§ **Extracted entries**
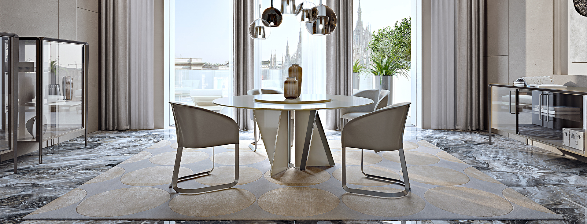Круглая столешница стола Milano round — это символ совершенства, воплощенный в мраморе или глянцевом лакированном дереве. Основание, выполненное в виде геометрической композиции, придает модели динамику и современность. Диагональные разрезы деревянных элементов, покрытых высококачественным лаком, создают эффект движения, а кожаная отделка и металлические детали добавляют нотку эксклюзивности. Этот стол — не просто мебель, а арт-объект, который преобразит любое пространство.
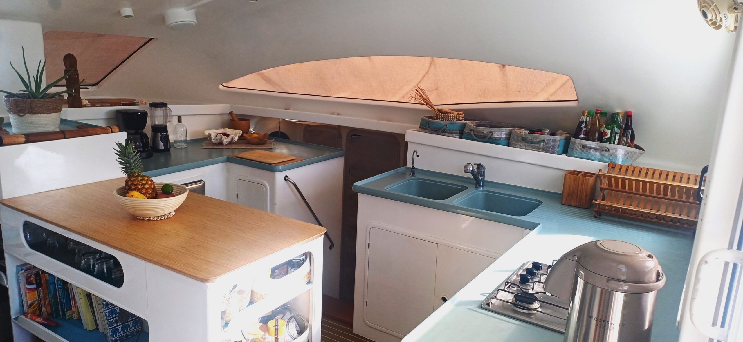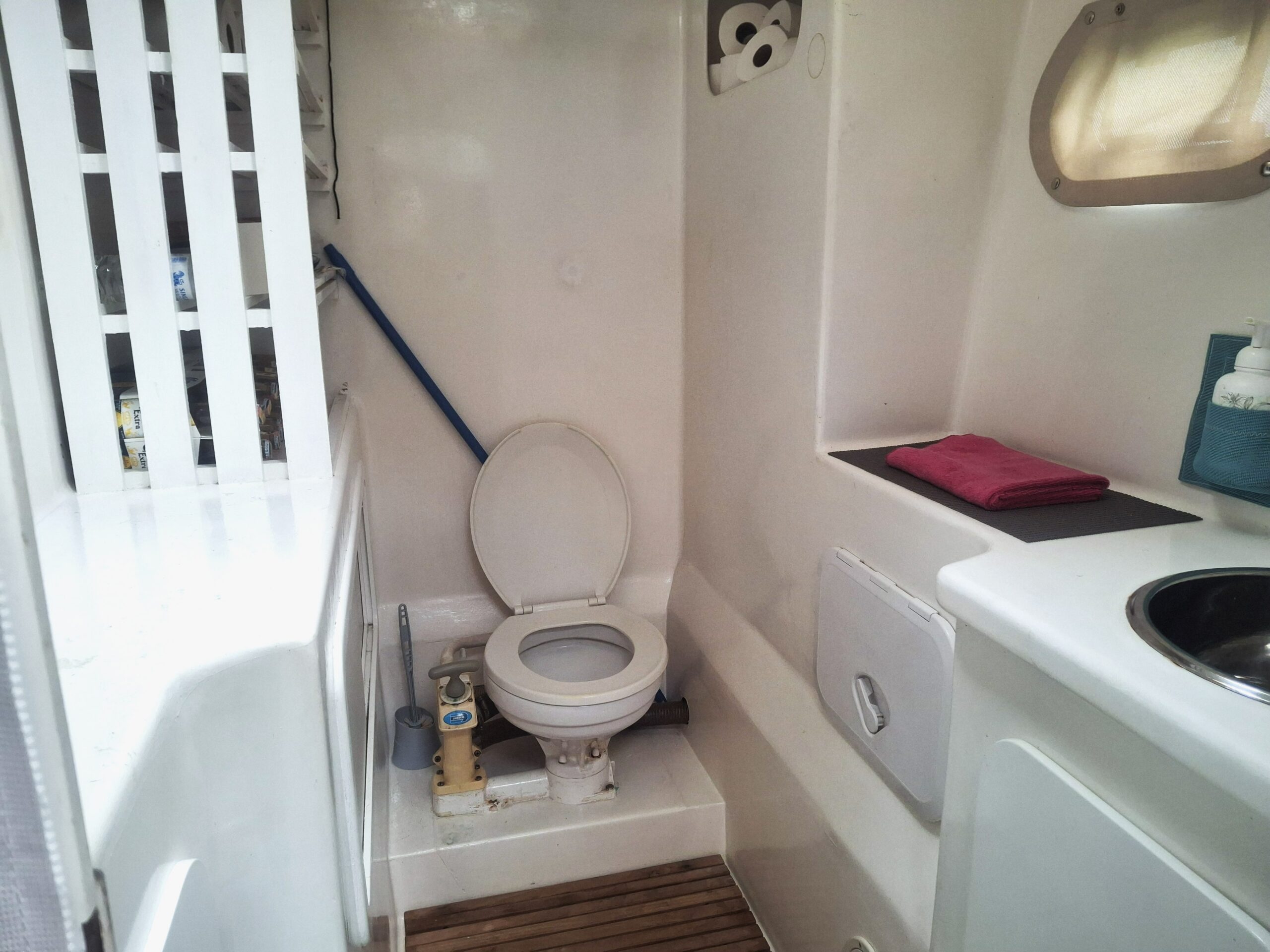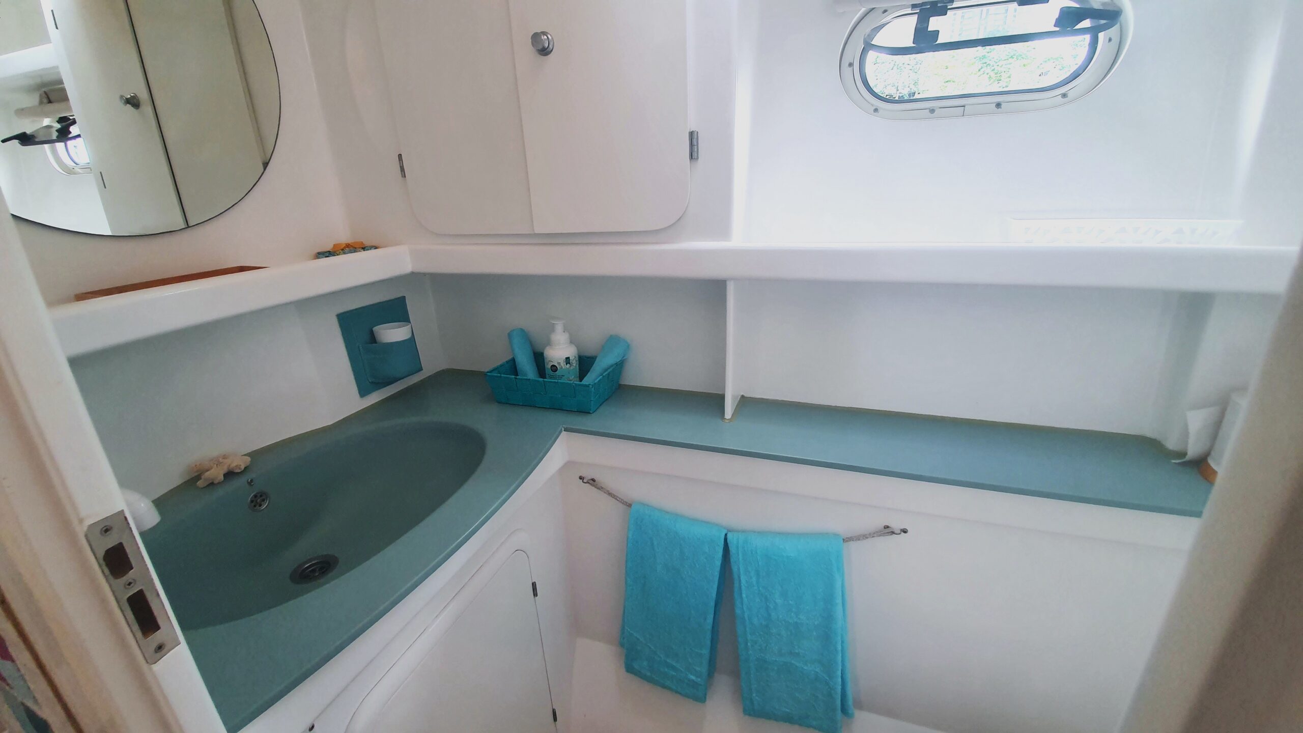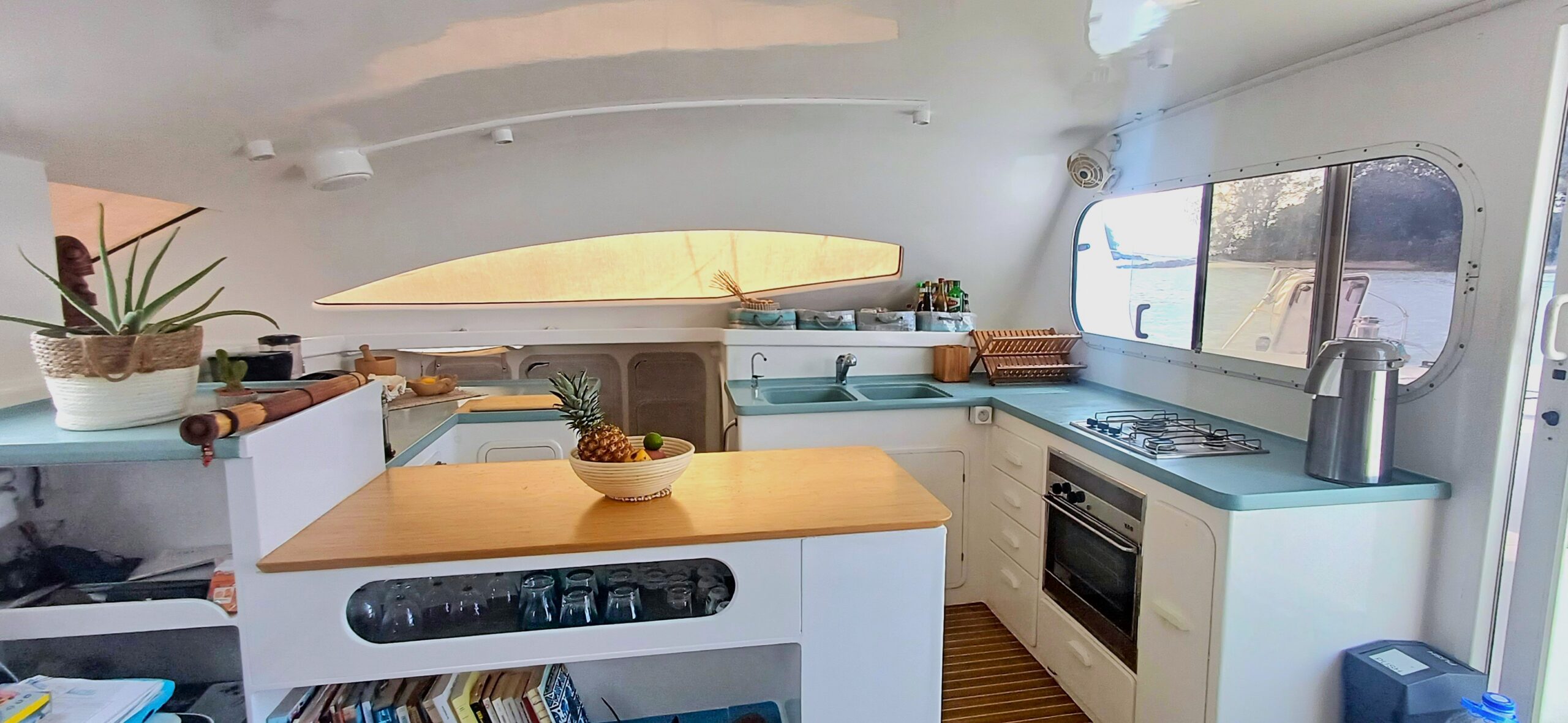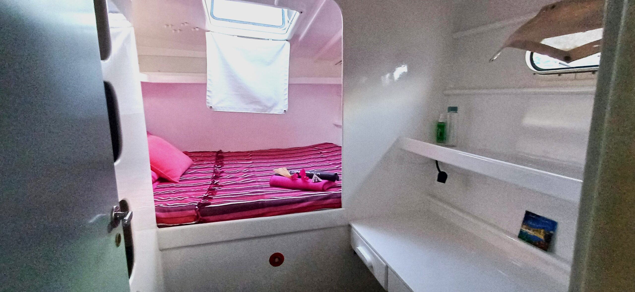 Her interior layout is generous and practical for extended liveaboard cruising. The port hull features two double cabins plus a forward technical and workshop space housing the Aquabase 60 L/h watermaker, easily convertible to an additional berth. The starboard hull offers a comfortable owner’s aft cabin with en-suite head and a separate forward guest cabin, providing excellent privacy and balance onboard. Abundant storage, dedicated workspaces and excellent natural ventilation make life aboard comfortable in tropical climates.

==

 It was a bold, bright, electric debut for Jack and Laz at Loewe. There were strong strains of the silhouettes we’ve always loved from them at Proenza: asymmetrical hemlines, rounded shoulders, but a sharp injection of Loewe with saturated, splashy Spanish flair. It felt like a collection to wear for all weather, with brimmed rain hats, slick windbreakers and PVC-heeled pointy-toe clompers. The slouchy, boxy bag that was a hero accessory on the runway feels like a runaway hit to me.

§ **Work to complete**
Starting at the line that contains "Круглая столешница стола" and ending at the line that contains "Her interior layout", transcribe the material above exactly, excluding pictures.

§ **Output of the exercise**
Круглая столешница стола Milano round — это символ совершенства, воплощенный в мраморе или глянцевом лакированном дереве. Основание, выполненное в виде геометрической композиции, придает модели динамику и современность. Диагональные разрезы деревянных элементов, покрытых высококачественным лаком, создают эффект движения, а кожаная отделка и металлические детали добавляют нотку эксклюзивности. Этот стол — не просто мебель, а арт-объект, который преобразит любое пространство.
 Her interior layout is generous and practical for extended liveaboard cruising. The port hull features two double cabins plus a forward technical and workshop space housing the Aquabase 60 L/h watermaker, easily convertible to an additional berth. The starboard hull offers a comfortable owner’s aft cabin with en-suite head and a separate forward guest cabin, providing excellent privacy and balance onboard. Abundant storage, dedicated workspaces and excellent natural ventilation make life aboard comfortable in tropical climates.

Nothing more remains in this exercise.